Rodríguez D, Bretones G, Quesada V, Villamor N, Arango JR, López-Guillermo A, et al. Mutations in CHD2 trigger faulty affiliation with lively chromatin in continual lymphocytic leukemia. Blood. 2015;126:195–202.
Parker H, Rose-Zerilli MJJ, Larrayoz M, Clifford R, Edelmann J, Blakemore S, et al. Genomic disruption of the histone methyltransferase SETD2 in continual lymphocytic leukaemia. Leukemia. 2016;30:2179–86.
Zhang P, Wu W, Chen Q, Chen M. Non-Coding RNAs and their Built-in Networks. J Integr Bioinform. 2019;16. https://doi.org/10.1515/jib-2019-0027.
Vigorito E, Perks KL, Abreu-Goodger C, Bunting S, Xiang Z, Kohlhaas S, et al. microRNA-155 regulates the era of immunoglobulin class-switched plasma cells. Immunity. 2007;27:847–59.
Elton TS, Selemon H, Elton SM, Parinandi NL. Regulation of the MIR155 host gene in physiological and pathological processes.

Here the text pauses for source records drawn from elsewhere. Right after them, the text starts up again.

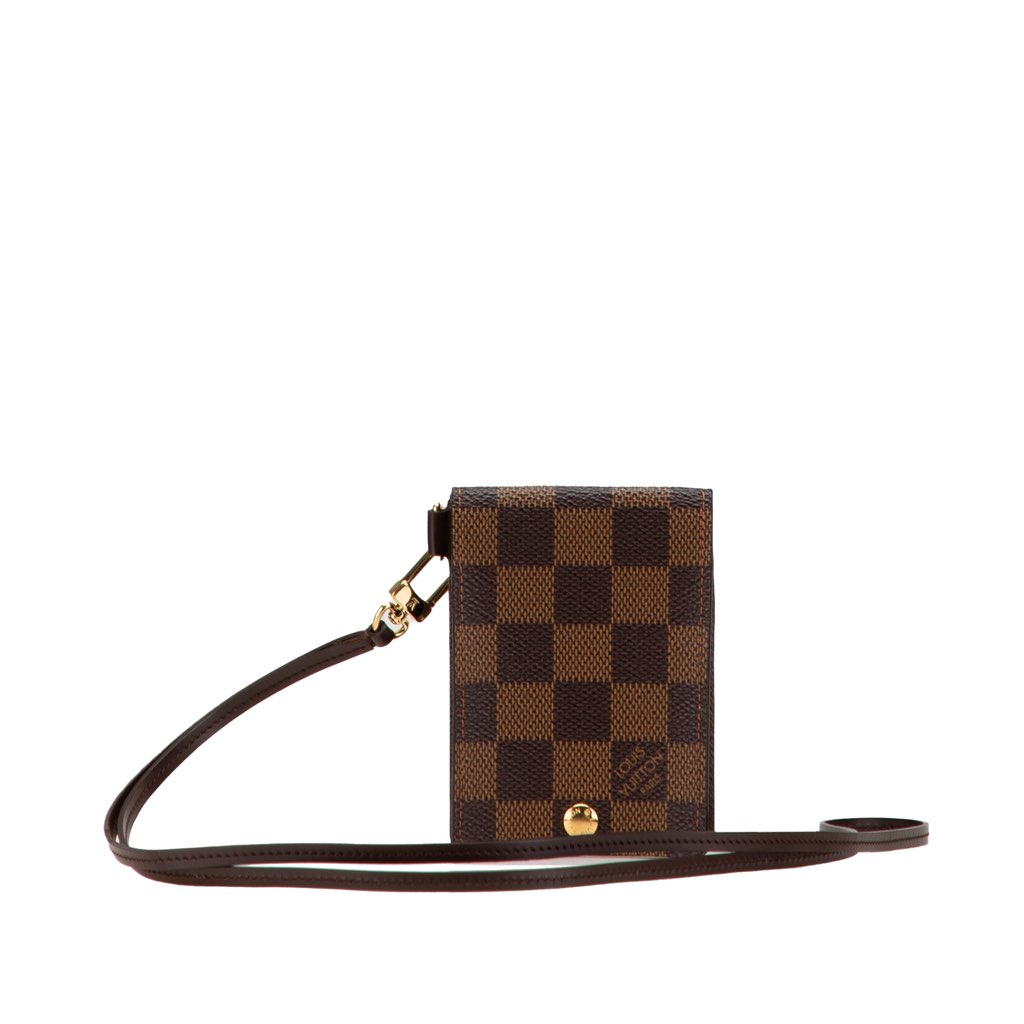 This crossbody features a damier ebene canvas body, a detachable flat leather strap, a snap closure, exterior slip pockets, and an interior card slot.
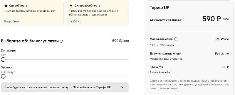 Такой тариф будет стоить 590 рублей в месяц. Но мы советуем сразу ставить 400 минут, пакет увеличится вдвое, а цена вырастет всего на +20 рублей. В отличие от «Простого» полностью отказаться от интернета на тарифе UP нельзя, но по современным меркам даже так он вполне неплох. Особенно с учетом скидки для пенсионеров.
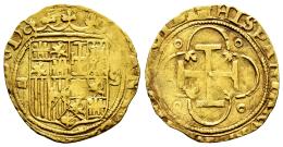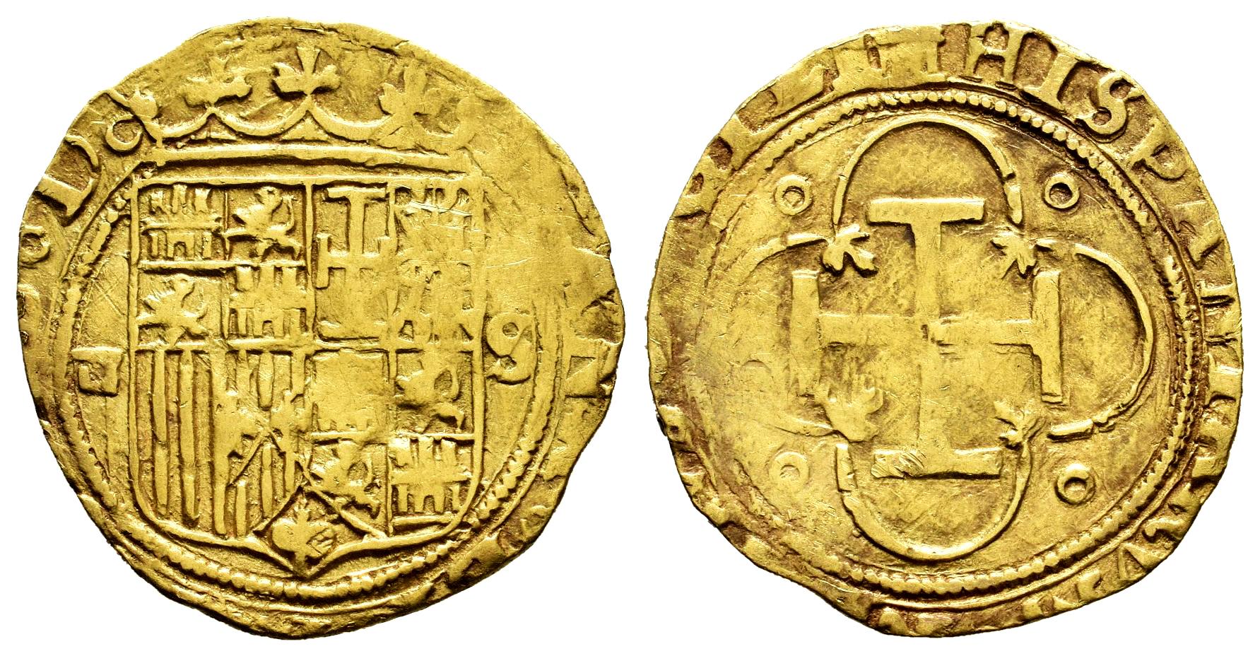 Juana y Carlos (1504-1555). 1 escudo. ND (ca. 1550). Sevilla. (Cal-199). (Tauler-tipo 22). Au. 3,30 g. Escudo entre d cuadrada y S. MBC. Est...1200,00.

Gene. 2013;532:1–12.
Pekarsky Y, Balatti V, Croce CM. BCL2 and miR-15/16: from gene discovery to therapy. Cell Demise Differ. 2018;25:21–26.
Lin X, Guan H, Huang Z, Liu J, Li H, Wei G, et al. Downregulation of Bcl-2 expression by miR-34a mediates palmitate-induced min6 cells apoptosis. J Diab Res. 2014;2014:1–7.
Shanesazzade Z, Peymani M, Ghaedi Okay, Nasr Esfahani MH. miR-34a/BCL-2 signaling axis contributes to apoptosis in MPP + -induced SH-SY5Y cells. Mol Genet Genom Med. 2018;6:975–81.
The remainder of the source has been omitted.